Lunch was exactly 19 minutes, 59 seconds, and 100 milliseconds long. For everyone else that meant 19 minutes, 59 seconds, and 100 milliseconds of talking, laughing, gossiping, and other meaningless activities. For me, that meant 19 minutes, 59 seconds, and 100 milliseconds of sitting isolated from everyone else. That was social isolation to be exact. I looked around the lunch room. There was a group of boys having a milk chugging contest. According to my research, chugging milk could cause serious problems for the stomach and it should be outlawed. To my left there was another group of boys, but these boys were flipping water bottles. With each additional thud, the water bottles seemed to never land correctly. According to my research, in order to achieve the perfect water bottle flip you have to be aware of on the water bottle’s center of mass.

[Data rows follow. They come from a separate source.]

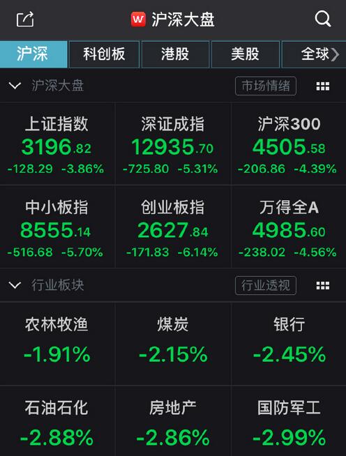 【香港商报网讯】7月23日,市场避险情绪升温,A股三大股今日集体走低,创业板指跌逾6%,沪指跌近4%,两市个股普跌。截至收盘,沪指跌3.86%,报3196.77点;创业板指跌6.14%,报2627.84点;深成指跌5.31%,报12935.70点。今日,沪深两市成交额突破1万亿元,已连续十七个交易日突破万亿元,北向资金净卖出超160亿元,其中沪股通净流出92.99亿元,深股通净流出70.58亿元。
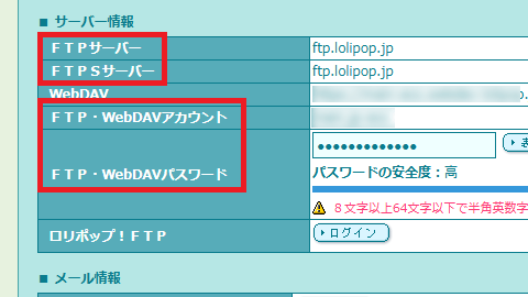 この「3つの情報」については、レンタルサーバーを契約した際、サーバーの準備が完了した後に送付されるメールに記載されていることが多いです。
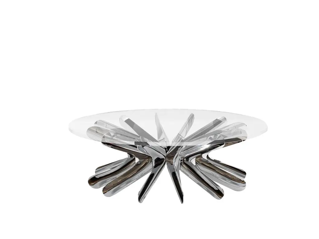 "Steel in Rotation No. 1" contemporary coffee table by Zieta.Original Zieta coffee table, delivered with certificate. Collection: steel in rotation.Material: stainless steel / glass top.Color: flamed gold.Size: H 37 cm D 90 cm.The steel in rotation tables give the illusion of being in constant rotation due to the shape of their structure Zieta is best known for his collection of stools “Plopp” made through the technology FIDU. With the same principle Zieta Studio conceived mirror collections made of stainless steel called “Tafla”, “Rondo” and “Rondel”. Two laser-cut metal sheets are first welded together before air is injected between them until they separate from each other forming a three-dimensional object.The 'Tafla O' collection has a glossy steel finish inspired by drops of water. Its shape makes the mirror modern and contemporary.
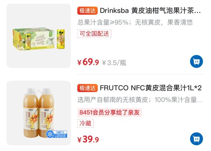 山姆会员商店的NFC黄皮混合果汁也很受欢迎,用云浮郁南产的无核黄皮加工制作,还有一款黄皮油柑气泡果汁茶。
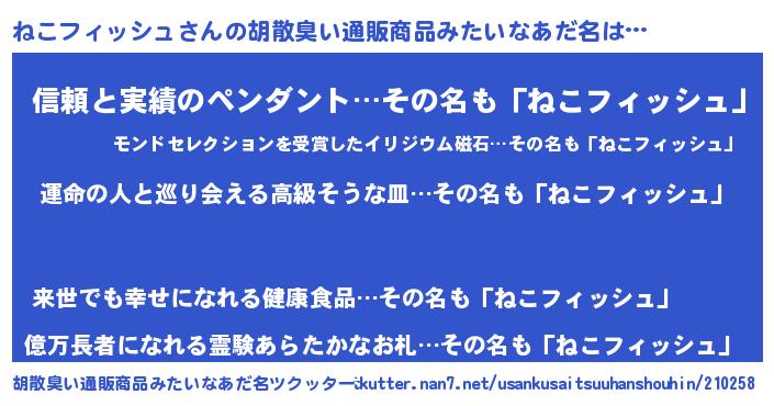 | 欧米人風あだ名 | 『ねこフィッシュクリステル』 |
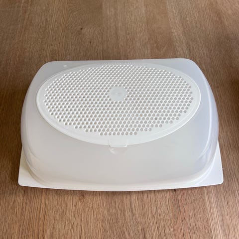 Tupperware osteklokke med filter i låget - som holder osten frisk.
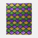 A vibrant Mardi Gras poster with shiny green, purple, and golden glittering diamonds.
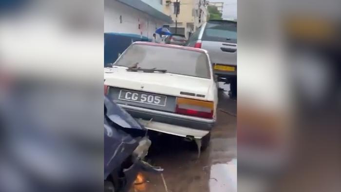 Home•Videos•Heftige Winde und Überschwemmungen - Zyklon stapelt Autos auf Mauritius übereinander•
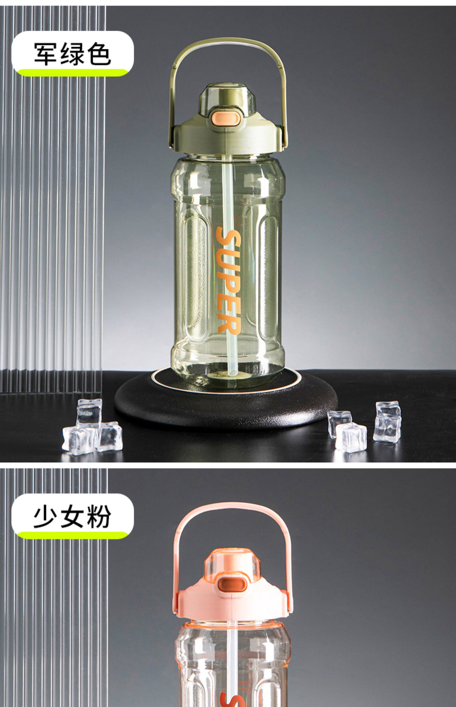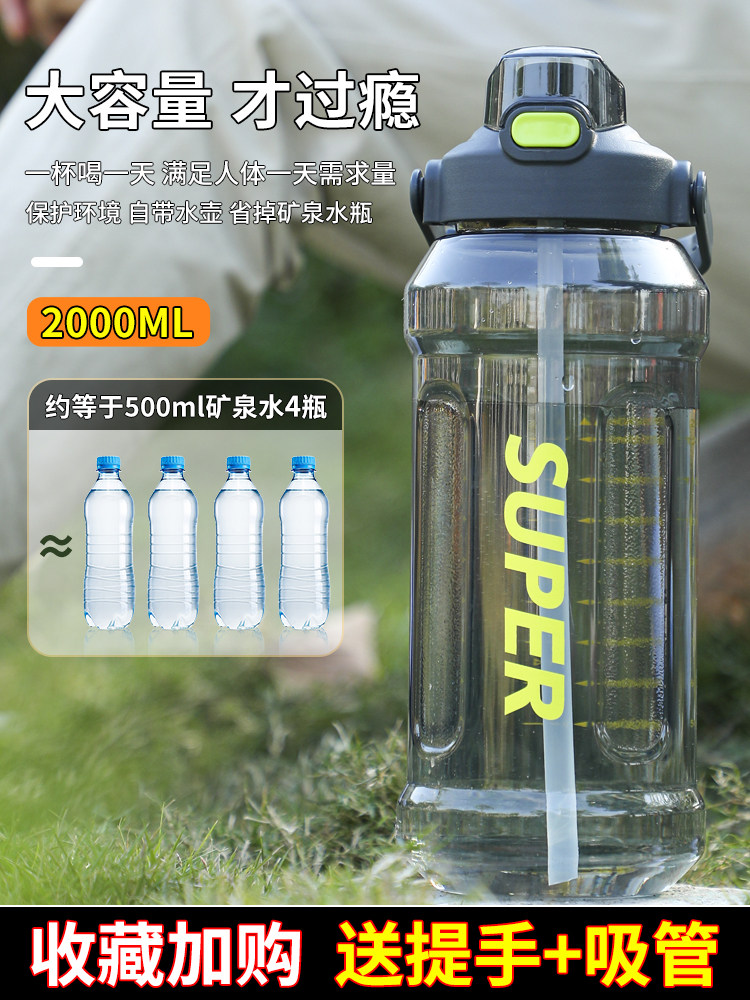 Вместительная и большая чайная чашка, летняя пластиковая спортивная бутылка для спортзала, 2000 мл
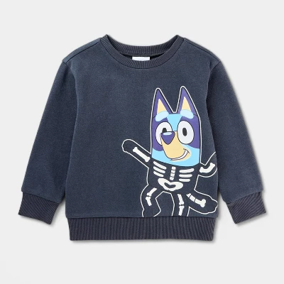 Get your little one ready for some festive fun with the Toddler Bluey Bingo Halloween “Booey” Fleece Sweatshirt in Black. Featuring an adorable Bluey character graphic on the front and a playful âBooeyâ print on the back, this pullover brings cute energy to cooler days. Made from soft, midweight fleece, it offers warmth without the bulk, making it perfect for pumpkin patches, trick-or-treating or lounging at home. The regular fit, classic round neckline and waist-length cut ensure easy layering and all-day comfort. Featuring glow-in-the-dark bones on the front and text on the back.
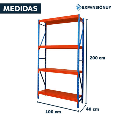 Estanteria Rack Metálico Fácil encastre 2x1x0.4m de 4 niveles 800kg – Alta resistencia y fácil armado
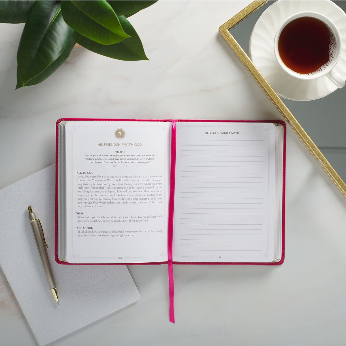 The two-color interior pages feature a delicate frame with corner scroll designs on each page. The left pages include a topic, a Scripture passage, a prayer, a prompt for reflection, and another prompt for a response. The right pages are lined for journaling. The prayers are arranged topically. As you pray and reflect, you will see the fruit of faithful prayer in your husband, yourself, and your marriage.
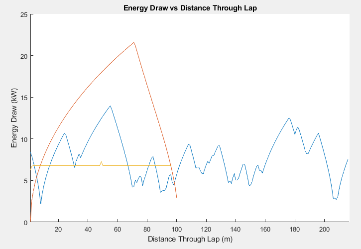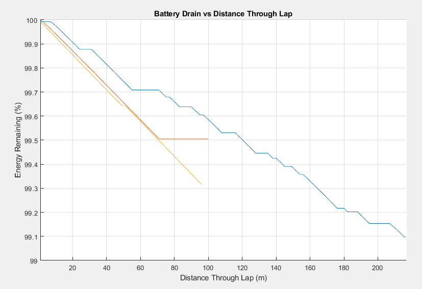 Using the power usage from the Energy Draw graph (1.7), and knowing the capacity of the battery, we can simply drain the battery of the appropriate energy levels throughout the lap by multiplying the power usage at each point multiplied by the time spent at each point.
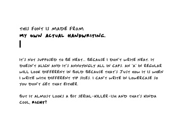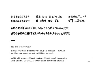一种“不完美”的全大写手写字体。由实际笔迹制成。不完美和现实。一些常用字符以及标准字形的替代字母。
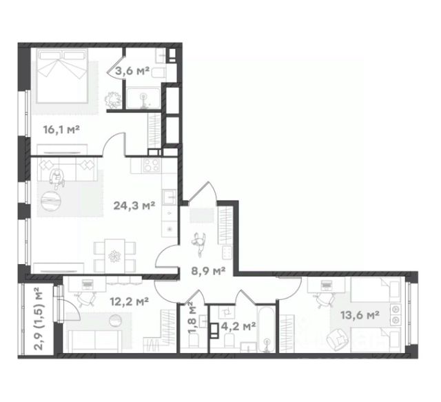 Cемейные резиденции Трехкомнатная квартира для ценителей семейных ценностей Просторная кухня 13,5 кв. м с местом под кухонный гарнитур и выходом на балкон 3,5 кв.м. Площадь кухни позволяет объединить обеденное пространство и зону отдыха Родительская спальня 14,2 кв. м расположена слева от кухни и станет прекрасным местом для отдыха после тяжелого трудового дня Комната для старшего ребенка 18,4 кв.м достаточно просторная чтобы разделить площадь на зону работы и отдыха Спальня 13,4 кв.м с выходом на балкон 3,9 кв. м может стать гостевой комнатой или еще одной детской Два санузла по достоинству оценят все члены большой семьи. Не нужно никого ждать и поторапливать, собираясь утром на работу Огромный коридор 13, 2 кв. м с местом под шкаф-купе гостеприимно вместит ваших гостей и домочадцев
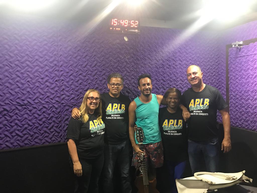 As fotos apresentam os professores (APLB) em três momentos: na Câmara Municipal, no auditório do NTE, no Conquista Center, e no estúdio quando gravaram entrevista para o nosso programa Agito Geral, apresentado de segunda à sexta-feira, pela Transamérica 100,1.

“Hey Deborah,” Rebecca shouted at me in her mocking voice, “what are you wearing? Like c’mon I know we are like studying the ancient times in Social Studies, but you don’t have to dress like those times too!!!!” I began to distract myself with my peanut butter sandwich. Every day it was either 99.9% peanut butter and 0.1% jelly or 99.9% jelly and 0.1% peanut butter. Today it was surprisingly almost even with it being 51.1% peanut butter and 48.9% jelly.

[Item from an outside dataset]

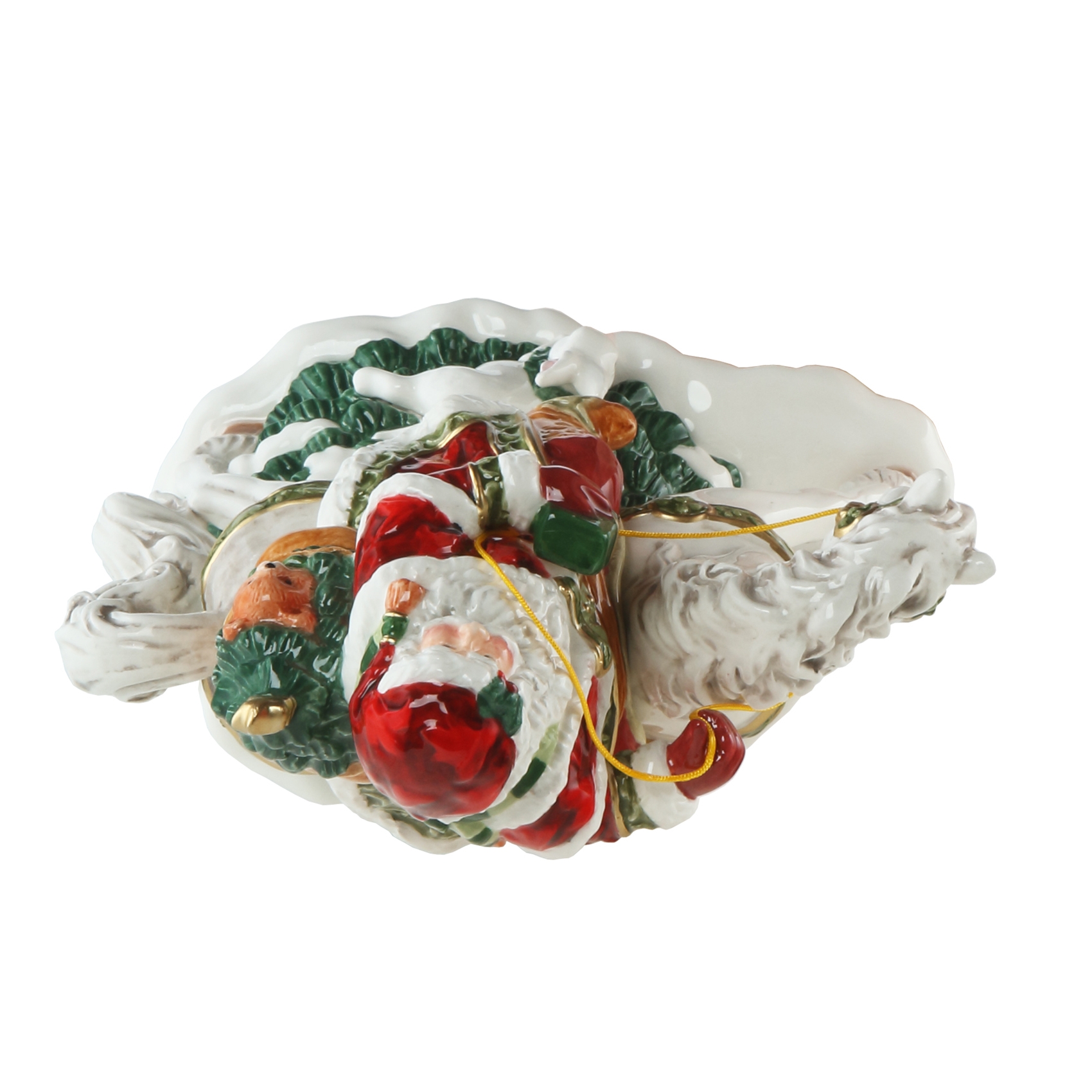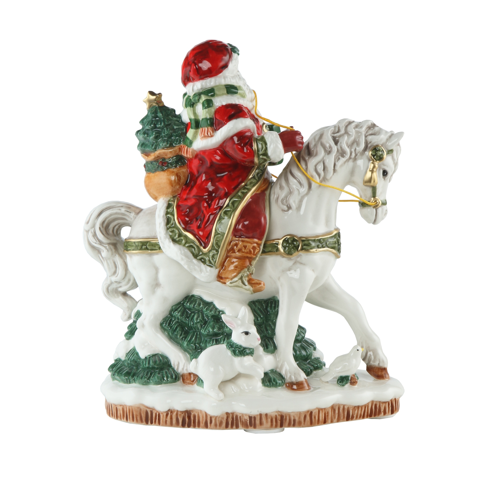 Der Weihnachtsmann kommt auf seinem Schimmel angeritten und verkündet Freude für die Welt. Passend spielt das integrierte aufziehbare Musikwerk die Melodie zu "Joy to the world". Die Figur mit großem Wiedererkennungswert beeindruckt durch ihre detaillierte Formensprache, sowie die aufwändige Unter- und Aufglasurmalerei.

“Hey Rebecca,” Rebecca’s friend Ashley shouted, “Aren’t you excited for the awards ceremony today?! My WHOLE family is coming. My aunts, uncles, cousins, second cousins, grandpa, grandma, it’s going to be AWESOME!!!!” I looked at my peanut butter and jelly (who I had named Carl Frederick Robinson the third or Carl for short) and began to think of my grandma. She was who I wanted to be at the awards ceremony the most. She was also the one person that wasn’t going to be there. My grandma not being at the awards ceremony was like missing just one piece in an 2000 piece puzzle. Sure, from far away the puzzle would look complete, but if you were to examine it a bit more you would notice a piece missing and never see the puzzle as complete again.
“Deborah where is your grandma?” Rebecca asked in a very mean voice, “ I’d be sooo “sad” if she couldn’t make it. Like c’mon you’ll win awards, but your grandma won’t be able to see. Sooo sad.” While I began to clean my glasses for the 1,456th time that day, Rebecca and Ashley continued to feel “sorry” for me.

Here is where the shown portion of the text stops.